On the other hand we think it’s our duty, for example, to publicize the facts about a quota system in a college or a restrictive immigration policy of a country. There we see positive gains by publicizing it.

MR. HEFFNER: So that in terms of what to do about anti-Semitism you are merely saying you wouldn’t publicize threats or violence.

MR MASLOW: Bomb threats we would not publicize. We would not publicize, for example, acts of vandalism in a cemetery because mere publicizing will not help us to cope with the problem. Nor would we publicize the irresponsible tirades and rantings of hatemongers, because that won’t help us to cope with the problem. But we certainly will publicize bombings of synagogues.

MR. HEFFNER: OK. Mr. Lukas.

MR. LUKAS: I’d like to equate this, if I may, Mr. Heffner, with the problem of crime generally, the problems of law and order. I think by this time it is accepted that the susceptible, the vulnerable in our population, are rather responsive to certain kinds of excitements or incitements.

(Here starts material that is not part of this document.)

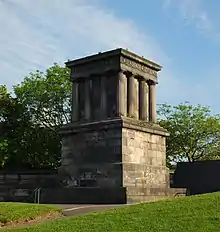 He died of strangury on 20 July 1819, and, although an eminent man, was buried in an unmarked grave in Old Calton Burial Ground, on Waterloo Place in Edinburgh. His, and his brother, James's graves were marked by a plaque unveiled in 2011 following a local campaign.[12] The monument to his memory by William Henry Playfair, on Calton Hill,[13] is visible from the spot.
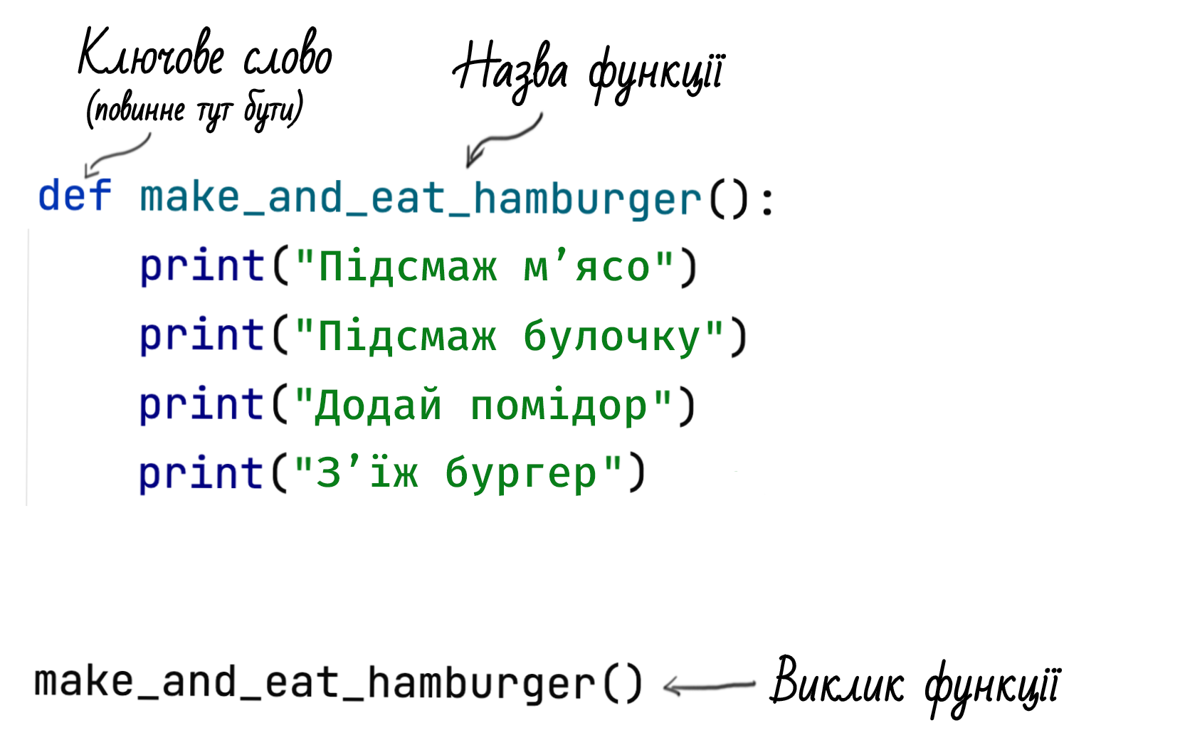 # Визначення функції def make_and_eat_hamburger(): # Тіло функції print("Підсмаж м’ясо") print("Підсмаж булочку") print("Додай помідор") print("З’їж бургер") print("Встань із ліжка") print("Почисть зуби") make_and_eat_hamburger() # Використання функції print("Працюй") make_and_eat_hamburger() # Використання функції print("Працюй") make_and_eat_hamburger() # Використання функції print("Пограй у гру") print("Іди спати")

Many years ago there was the problem of the effect of comic books upon young boys and girls. I hope that problem has by this time been at least partially solved by a resolution of this primary rather basic discussion of motivation, namely, that in our population the vulnerable, the susceptible, are more readily stirred by stories of violence that the others, than the general population. This means, among other things, that in the comic book field, and now in the context in which we are discussing the question of violence, in this field we suspect that primarily the outrages in the South are largely due to the excitement or incitement of rather pathological creatures, namely, the people, the individuals, rather than the organized groups that are readily incited by literature. And in this case it’s the hate literature.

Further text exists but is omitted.